======== Entries shown
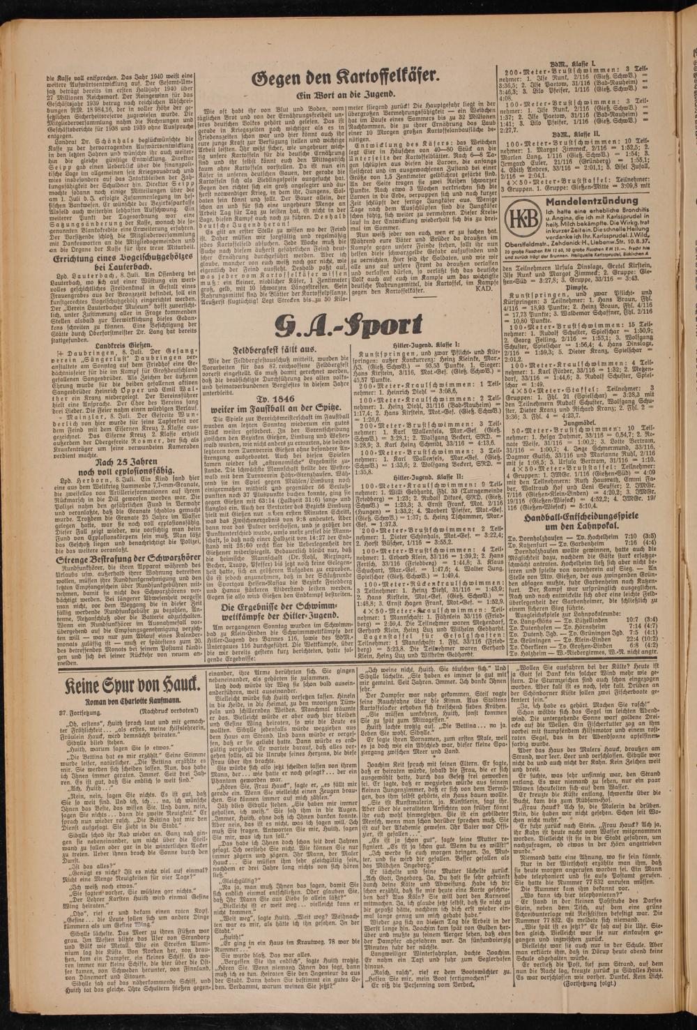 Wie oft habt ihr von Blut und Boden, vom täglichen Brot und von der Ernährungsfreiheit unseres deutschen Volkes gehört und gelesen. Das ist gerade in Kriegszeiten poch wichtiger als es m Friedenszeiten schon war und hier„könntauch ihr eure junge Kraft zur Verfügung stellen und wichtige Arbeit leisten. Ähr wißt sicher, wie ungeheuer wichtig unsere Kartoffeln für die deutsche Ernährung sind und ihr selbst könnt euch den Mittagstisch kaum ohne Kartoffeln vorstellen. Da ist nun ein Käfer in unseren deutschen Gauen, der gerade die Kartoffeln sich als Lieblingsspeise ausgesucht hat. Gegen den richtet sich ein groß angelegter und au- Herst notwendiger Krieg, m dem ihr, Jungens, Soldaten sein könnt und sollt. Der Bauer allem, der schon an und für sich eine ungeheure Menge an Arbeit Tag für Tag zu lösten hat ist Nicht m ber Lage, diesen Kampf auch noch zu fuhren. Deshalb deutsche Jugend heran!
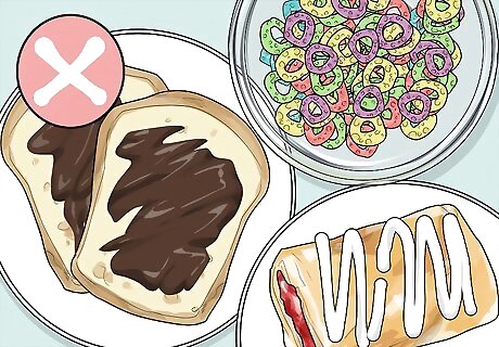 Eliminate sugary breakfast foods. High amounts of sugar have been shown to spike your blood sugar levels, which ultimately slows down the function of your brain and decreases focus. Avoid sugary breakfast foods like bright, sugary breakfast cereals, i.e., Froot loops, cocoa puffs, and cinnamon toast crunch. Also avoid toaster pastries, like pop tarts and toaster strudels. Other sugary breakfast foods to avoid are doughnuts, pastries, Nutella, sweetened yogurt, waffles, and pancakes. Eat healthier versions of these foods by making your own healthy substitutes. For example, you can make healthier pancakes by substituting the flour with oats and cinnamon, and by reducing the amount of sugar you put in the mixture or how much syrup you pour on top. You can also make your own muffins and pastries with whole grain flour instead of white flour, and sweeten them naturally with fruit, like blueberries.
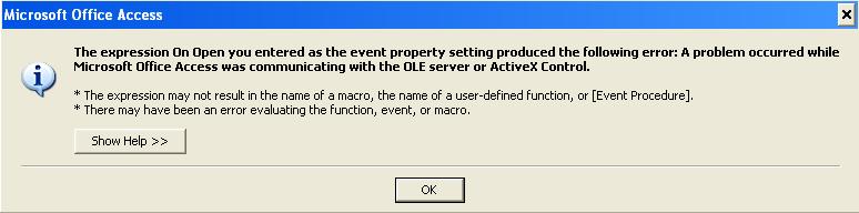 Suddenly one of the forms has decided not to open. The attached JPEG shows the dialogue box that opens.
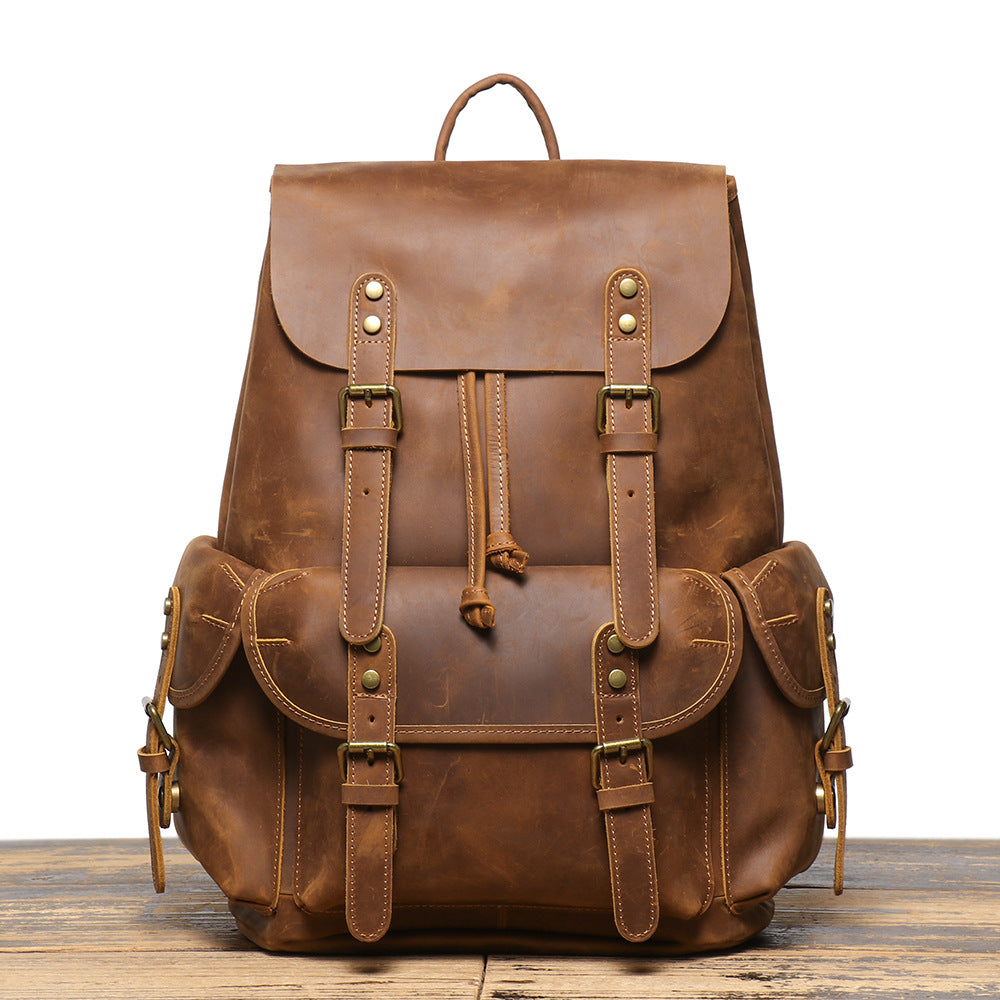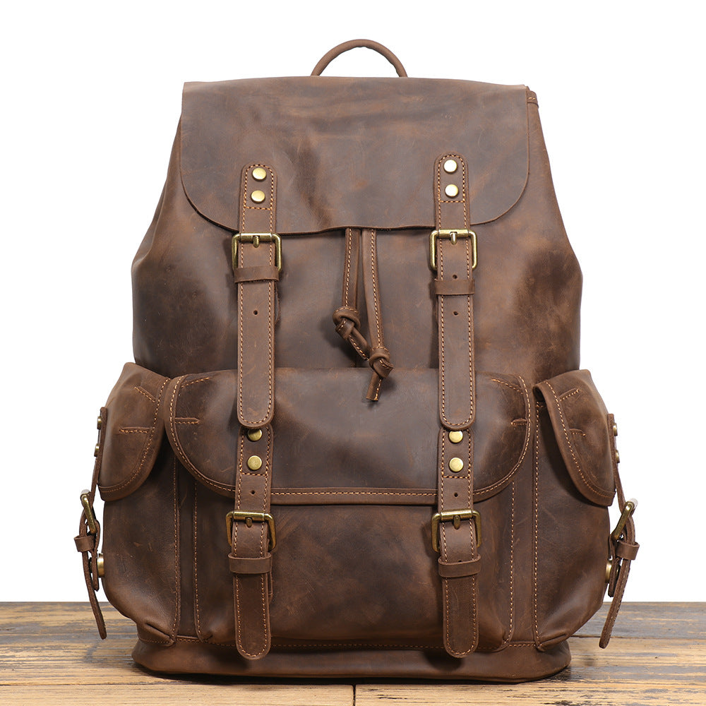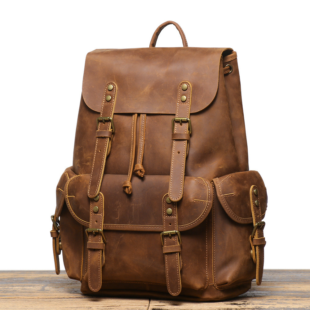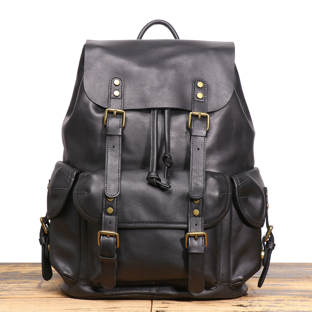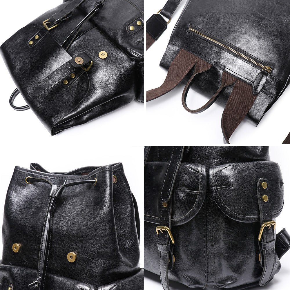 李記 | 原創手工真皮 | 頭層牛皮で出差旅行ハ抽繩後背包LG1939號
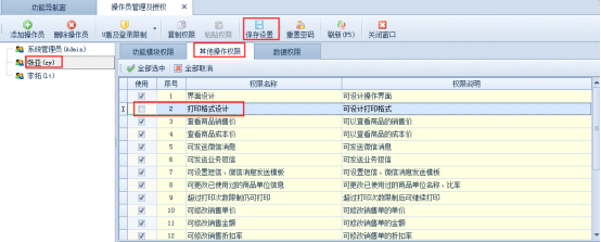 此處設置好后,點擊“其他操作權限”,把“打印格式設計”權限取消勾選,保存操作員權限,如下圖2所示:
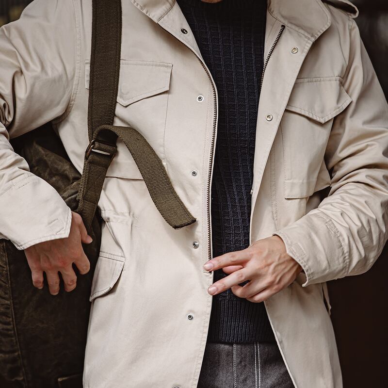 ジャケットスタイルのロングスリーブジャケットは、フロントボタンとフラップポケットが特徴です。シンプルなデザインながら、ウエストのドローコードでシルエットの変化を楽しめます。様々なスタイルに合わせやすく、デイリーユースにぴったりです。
================
======== Entries shown
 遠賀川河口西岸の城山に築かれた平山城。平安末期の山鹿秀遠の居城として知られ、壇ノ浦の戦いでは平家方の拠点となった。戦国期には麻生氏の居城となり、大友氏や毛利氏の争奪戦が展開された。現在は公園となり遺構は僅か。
================
## Task instructions
Print the line above containing "Suddenly one of", the line containing "ジャケットスタイルのロングス", and everything between them, exactly as written. Pictures stay out.

## Output of the task
 Suddenly one of the forms has decided not to open. The attached JPEG shows the dialogue box that opens.
 李記 | 原創手工真皮 | 頭層牛皮で出差旅行ハ抽繩後背包LG1939號
 此處設置好后,點擊“其他操作權限”,把“打印格式設計”權限取消勾選,保存操作員權限,如下圖2所示:
 ジャケットスタイルのロングスリーブジャケットは、フロントボタンとフラップポケットが特徴です。シンプルなデザインながら、ウエストのドローコードでシルエットの変化を楽しめます。様々なスタイルに合わせやすく、デイリーユースにぴったりです。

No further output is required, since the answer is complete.